AV. NURULLAH ALBAYRAK | YORUM
Hak kavramının anlamını yitirdiği günlerden geçtiğimizin farkındayım. Yine de yaşananları anlayabilmek için —ülkemizde pek geçerli olmasa da— evrensel insan haklarından söz etmek zorundayız. Bu haklardan biri de lekelenmeme hakkı, yani masumiyet karinesinden yararlanma hakkıdır.
Hukukun üstünlüğünün terk edildiği bir düzende, masumiyetin de bir değer ifade etmediğini biliyoruz. Aslında bu kavramın, diğer birçok kavram gibi nitelik değiştirdiğinin de farkındayız.

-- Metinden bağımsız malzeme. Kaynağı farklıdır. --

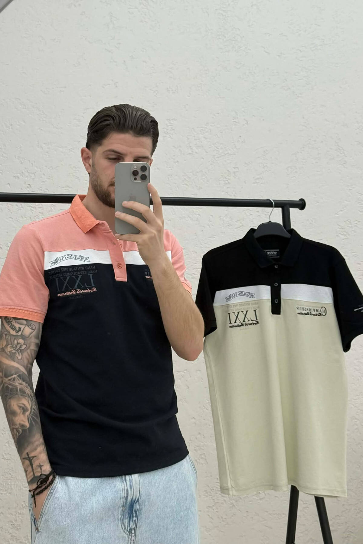 PACK OF 2 PIECES POLO NECK MEN T-SHIRTS BLUE-BEIGE/BLBZH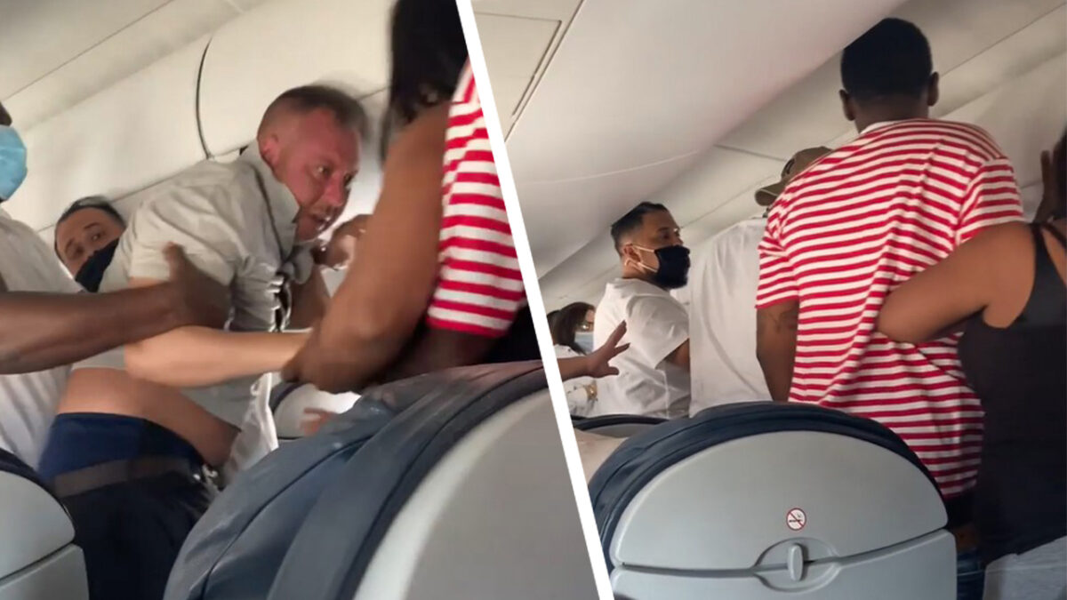 Toen het vliegtuig eindelijk in Austin landde en het bordje met de veiligheidsgordel uit was, sprongen beide mannen op en begonnen met elkaar te vechten, aldus een anonieme passagier

Artık “lekelenmeme hakkı” yerini “lekeleme hakkı” na dönüştürdü. Tabi ki bu hakkın sahibinin sadece iktidar ve iktidarın bileşenleri olduğunu söylemeye gerek yok.
Geçtiğimiz hafta kamuoyuna yansıyan, ünlü isimlerin gözaltına alındığı “uyuşturucu operasyonları” ‘lekeleme hakkının’ en güncel örneği. Savcılığın “gözaltı değil, sadece davet” dediği; ancak jandarmanın kameralar eşliğinde zorla evlerinden alıp kan ve saç örneği almak için götürdüğü operasyondan söz ediyorum. Anayasal anlamda masum olan kişileri suçlu gösterip bir de sabahın kör vaktinde jandarma marifetiyle zorla evlerinden alınması hukuksuzluğuna ‘gözaltı yapılmadı’ diyen savcıya denecek çok şey var ama konumuz o değil.
Siyasi iktidarın Gülen Hareketi’ne yönelik sistematik lekeleme çabası zaten herkesin malumu.
Miting meydanlarından MGK toplantılarına, Meclis grup konuşmalarından yurt dışı ziyaretlerine kadar her fırsatta “Gülen Hareketi”ni karalamaya çalışan iktidar, freni patlamış bir kamyon gibi son sürat yokuş aşağı ilerlerken “hareket eden her şeye ateş etme”yi alışkanlık hâline getirmiş durumda.
“Öteki” olarak gördüğü herkes ya da her grup, bu lekeleme zincirinden payını mutlaka alıyor.
Mart ayından bu yana iktidar, “seçimleri kazanma ihtimali taşıyan herkesi saf dışı bırakma hakkını kendinde gören” bir anlayışla hareket ediyor. Geride kalanlara ise ‘lekelenme hakkını’ bahşediyor.
Masumiyet karinesi hiçe sayılan ve lekelenmeme hakkı elinden alınan bireylere yönelik operasyonlar, iftiralar ve saldırılar ne yazık ki alkışla karşılanıyor.
Rejim, “ulusal güvenlik”, “kamu düzeni” ya da “istikrar” adına yanlış bilgi, iftira, sindirme ve hatta şiddet yaymakta mahsur görmüyor. Muhalif olarak etiketlediği birey ve gruplara yönelik operasyonları adeta ritüel bir forma dönüştürmüş durumda. Dronlardan uzun namlulu, maskeli kolluk kuvvetlerine kadar, genellikle şafak vakti yapılan bu baskınlar “güç gösterisi”nin bir parçası haline getirildi.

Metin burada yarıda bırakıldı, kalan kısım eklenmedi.